System version: 3.6.7 |Anaconda, Inc.| (default, Dec 10 2018, 20:35:02) [MSC v.1915 64 bit (AMD64)]
Azure ML SDK Version: 1.0.41
Pandas version: 0.23.4
Tensorflow Version: 1.13.1


In [2]:
BASE_DATA_PATH = '../../../data'

# Feature Engineering

We'll collect the Google Sentence Encoder encodings

In [3]:
#replace all this with our util!
data = []
with open("sts-train.csv", 'r', encoding="utf-8") as f:
    for line in f:
        l = line.strip().split("\t")
        data.append([l[5].strip().lower(),l[6].strip().lower(), float(l[4])])
train = pd.DataFrame(data, columns=['sentence1','sentence2','score'])

data = []
with open("sts-test.csv", 'r', encoding="utf-8") as f:
    for line in f:
        l = line.strip().split("\t")
        data.append([l[5].strip().lower(),l[6].strip().lower(), float(l[4])])
test = pd.DataFrame(data, columns=['sentence1','sentence2','score'])

data = []
with open("sts-dev.csv", 'r', encoding="utf-8") as f:
    for line in f:
        l = line.strip().split("\t")
        data.append([l[5].strip().lower(),l[6].strip().lower(), float(l[4])])
dev = pd.DataFrame(data, columns=['sentence1','sentence2','score'])

## Google Universal Sentence Encoder

In [4]:
module_url = "https://tfhub.dev/google/universal-sentence-encoder-large/3"

# Import the Universal Sentence Encoder's TF Hub module
google_USE_embed = hub.Module(module_url)

# Reduce logging output.
tf.logging.set_verbosity(tf.logging.ERROR)

## Embed Sentences

In [5]:
def embed_google_universal_sentence_encoder(dataset, embedding_model):
    sts_input1 = tf.placeholder(tf.string, shape=(None))
    sts_input2 = tf.placeholder(tf.string, shape=(None))

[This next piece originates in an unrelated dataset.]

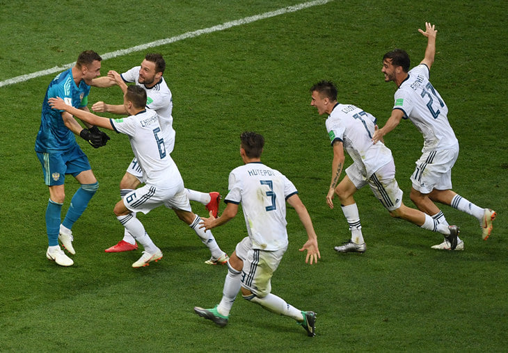 Пятая серия пенальти в карьере Акинфеева привела к пятой победе: похоже, российская сборная знала об этом, ведь ещё до серии камера выхватывала лица улыбавшихся Смолова и Артёма Дзюбы. Вратарь дважды в серии прыгнул вправо и дважды отбил мячи после ударов Коке и Яго Аспаса, причём ногой он отразил послематчевый пенальти впервые в карьере.

    sts_encode1 = tf.nn.l2_normalize(embedding_model(sts_input1), axis=1)
    sts_encode2 = tf.nn.l2_normalize(embedding_model(sts_input2), axis=1)
    
    with tf.Session() as session:
        session.run(tf.global_variables_initializer())
        session.run(tf.tables_initializer())
        emb1, emb2 = session.run(
          [sts_encode1, sts_encode2],
          feed_dict={
              sts_input1: dataset['sentence1'],
              sts_input2: dataset['sentence2']
          })
    return emb1, emb2
    
def feature_engineering(dataset, googleUSE_embedding_model):
    google_USE_emb1, google_USE_emb2 = embed_google_universal_sentence_encoder(dataset, googleUSE_embedding_model)
    n_google = google_USE_emb1.shape[1]    
    df = np.concatenate((google_USE_emb1, google_USE_emb2), axis=1)
    names = ['USEEmb1_'+str(i) for i in range(n_google)]+['USEEmb2_'+str(i) for i in range(n_google)]
    df = pd.DataFrame(df, columns=names)
    df['score'] = dataset['score']
    return df

In [6]:
training_data = feature_engineering(train, google_USE_embed)
validation_data = feature_engineering(dev, google_USE_embed)
testing_data = feature_engineering(test, google_USE_embed)

In [7]:
# Take out when notebook is ready for publishing
training_data.to_csv("Data/training_set.csv", index=None)
testing_data.to_csv("Data/testing_set.csv", index=None)
validation_data.to_csv("Data/validation_set.csv", index=None)

In [8]:
def get_baseline_performance(data):
    sent1_googleUSE = data[[i for i in data.columns if 'USEEmb1' in i]].values.tolist()
    sent2_googleUSE = data[[i for i in data.columns if 'USEEmb2' in i]].values.tolist()
    
    predictions_googleUSE = [1-distance.cosine(sent1_googleUSE[i], sent2_googleUSE[i]) for i in range(len(sent1_googleUSE))]
    print("Google Universal Sentence Encoder Pearson Correlation:",pearsonr(predictions_googleUSE, data['score'].values.tolist())[0])

In [9]:
get_baseline_performance(testing_data)

Google Universal Sentence Encoder Pearson Correlation: 0.7640280696312057


# AutoML - no AmlCompute

In [10]:
ws = azureml_utils.get_or_create_workspace(
    subscription_id="<SUBSCRIPTION_ID>",
    resource_group="<RESOURCE_GROUP>",
    workspace_name="<WORKSPACE_NAME>",
    workspace_region="<WORKSPACE_REGION>"
)
print('Workspace name: ' + ws.name, 
      'Azure region: ' + ws.location, 
      'Subscription id: ' + ws.subscription_id, 
      'Resource group: ' + ws.resource_group, sep='\n')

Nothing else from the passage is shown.